Как во внутренней, так и во внешней политике за заявлениями Болдуина часто следовали некие действия. Так, Британская имперская выставка, работавшая в 1924–1925 годах в лондонском районе Уэмбли, сразу задумывалась как дорогостоящий пропагандистский ход. Напичканная символами мира и единства в британских колониях, она имела официальной целью «укрепить связи между страной-матерью и ее сестрами и дочерьми». Во многих залах демонстрировались достижения британских художников и инженеров, устраивались военные показы и музыкальные представления, а в других павильонах колонии и доминионы знакомили со своими типичными товарами и традиционными ремеслами. Посетители за несколько часов могли пересечь весь земной шар по дорогам, названным в честь имперских героев вроде сэра Фрэнсиса Дрейка. Расположив могущественную мать-Британию в центре экспозиции, устроители также имели в виду раздуть угасший огонь имперской гордости среди английских низов. Задача эта в послевоенное время представлялась сложной: интеллектуалы не переставая критиковали империализм, а сепаратистские движения на разных территориях могли похвастаться немалыми успехами.
На церемонии открытия выставки король Георг V произнес речь, которую услышали по радио 10 миллионов человек – первый из многих примеров, когда монарх использовал радиовещание для пропаганды единства империи. Георг выразил надежду, что выставка принесет долгосрочную пользу как самой стране, так и «человечеству в целом». На Имперской конференции Британской империи в 1926 году тори сосредоточились на первой цели и продвигали идею самоуправления колоний. По итогам встречи были пересмотрены взаимоотношения между Британией, Канадой, Южной Африкой и Свободным Ирландским государством: теперь эти страны определялись как «автономные сообщества в рамках Британской империи, равные по статусу и никаким образом не подчиняющиеся друг другу». Британский парламент более не регулировал ни один аспект внутренних и внешних дел названных доминионов, все вопросы теперь решались их выборными органами.
В 1926 году вице-королем Индии назначили относительно либерального лорда Ирвина, полагавшего, что Индии со временем тоже нужно даровать статус доминиона.
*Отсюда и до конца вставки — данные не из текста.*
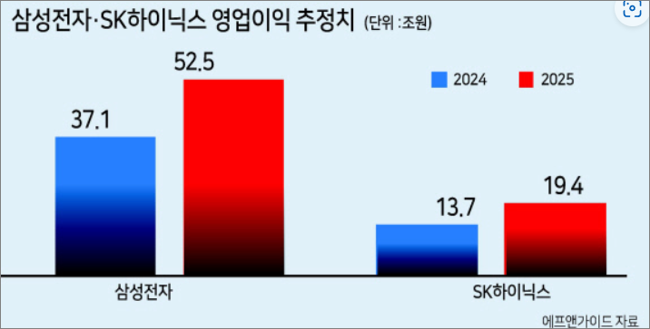증권사들은 삼성전자의 올해 영업이익이 37조원대에 이를 것으로, 내년에는 5년 만에 50조원대로 회복할 것으로 내다봤습니다. 지난해 적자에서 벗어난 SK하이닉스는 내년 역대 두 번째로 높은 19조원대 영업이익을 기록할 것으로 전망됩니다.
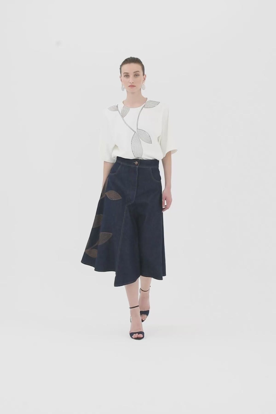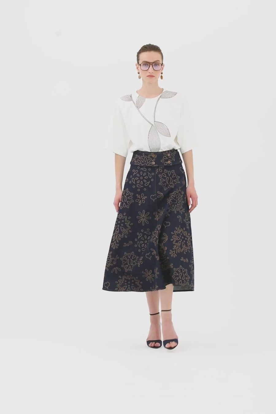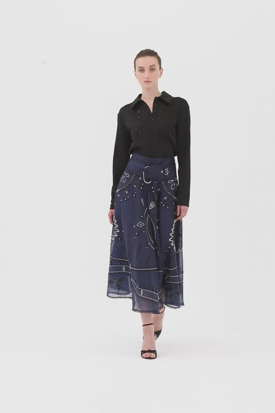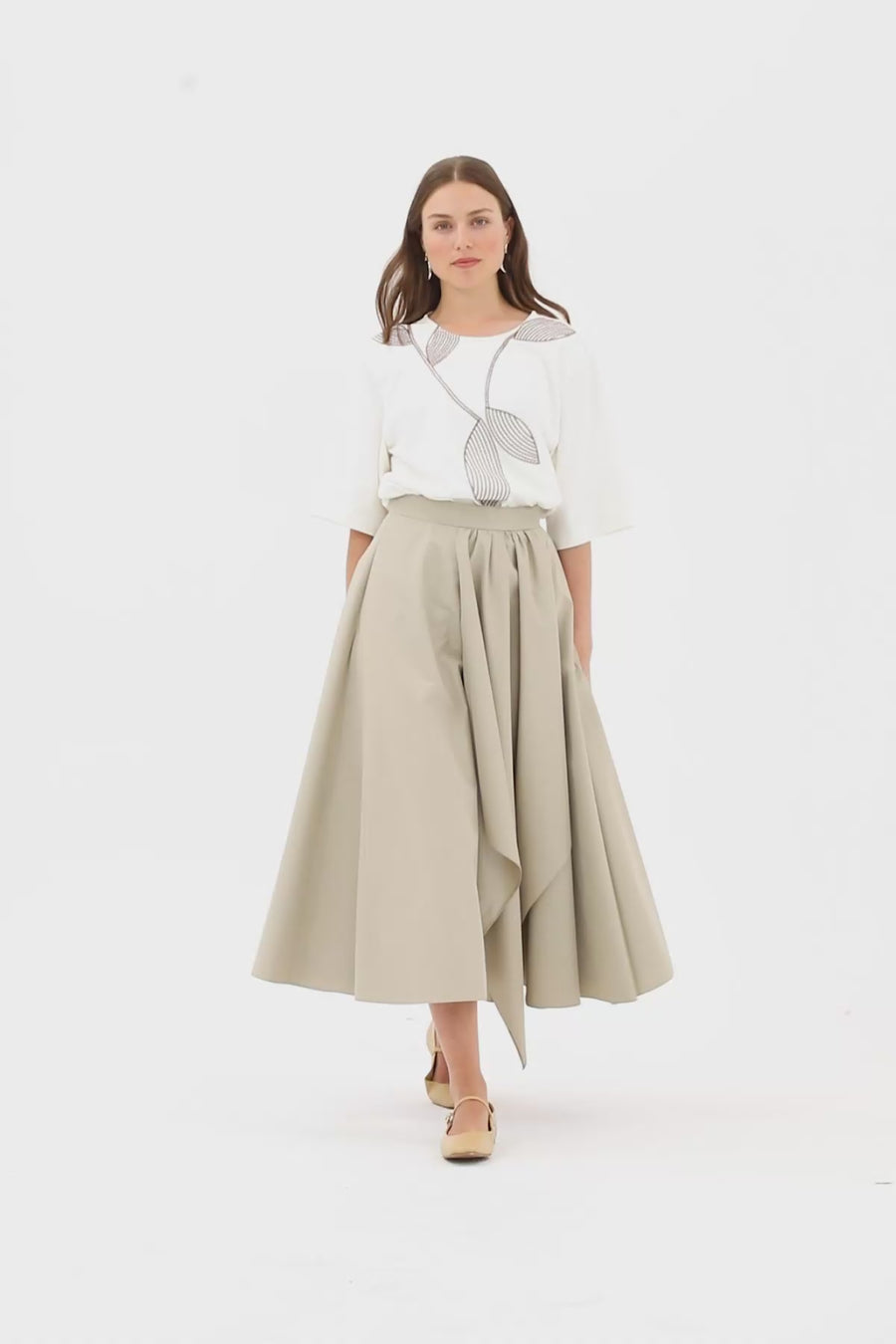 Yandan Fermuarlı Boncuk İşlemeli Kloş Etek
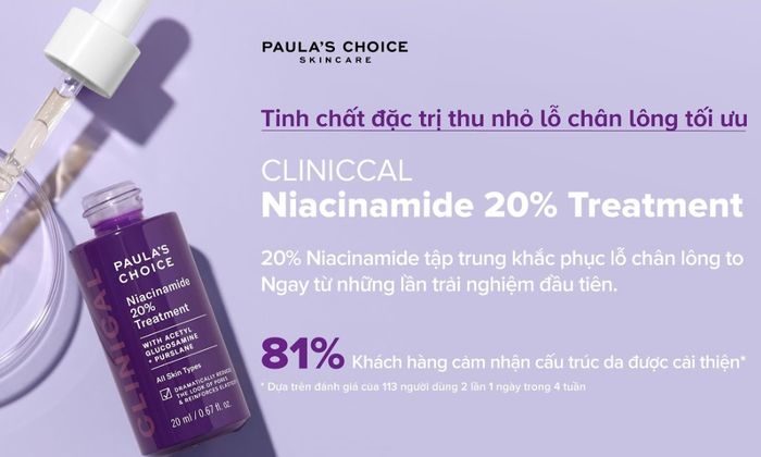 Serum Paula’s Choice là lựa chọn hàng đầu trong danh sách serum se khít lỗ chân lông. Nhận được những đánh giá tích cực từ cộng đồng yêu làm đẹp, sản phẩm này chứa thành phần chính là 20% Niacinamide (Vitamin B3) và chiết xuất rau sam, giúp cải thiện bề mặt da và thu nhỏ lỗ chân lông một cách hiệu quả.

Новый наместник быстро установил сердечную дружбу с индийским лидером Махатмой Ганди, еще недавно отбывавшим наказание в тюрьме по обвинению в подстрекательстве к мятежу. Поводом для его заключения стала координируемая Ганди кампания «несотрудничества», когда тысячи индийцев бойкотировали британские товары и организации. Болдуин чувствовал, что индийский национализм становится непреодолимой силой; назначение вице-королем Ирвина ясно свидетельствовало об этом.
Мощный вызов умиротворяющей политике Болдуина не заставил себя ждать. Промышленный сектор английской экономики уже давно пребывал в упадке, а экспорт снизился еще больше со времен послевоенного спада. Решение Черчилля вернуться к золотому стандарту укрепило фунт стерлингов и удешевило импортные товары, но английский экспорт подорожал, и продать английскую продукцию на международных рынках стало еще сложнее. В угольной, кораблестроительной, металлургической и хлопковой отраслях копились огромные долги, ветшало оборудование, падали доходы и за неимением работы отстранялись работники. Неизбежно возникали споры, до какой степени государству следует вмешиваться в экономику ради поддержки этих отраслей и занятых в них людей. Война радикализировала характер англичан; то же произошло и с образом мыслей экономистов. Так, Джон Мейнард Кейнс считал, что государство должно играть активную роль в мирной экономике, а уровень оплаты труда – определяться не рынком, а стандартами справедливости. Помимо прочего неуклонно росло политическое влияние лейбористов и профсоюзов. В таком экономическом климате тори не могли и дальше считать рыночные законы «священной коровой».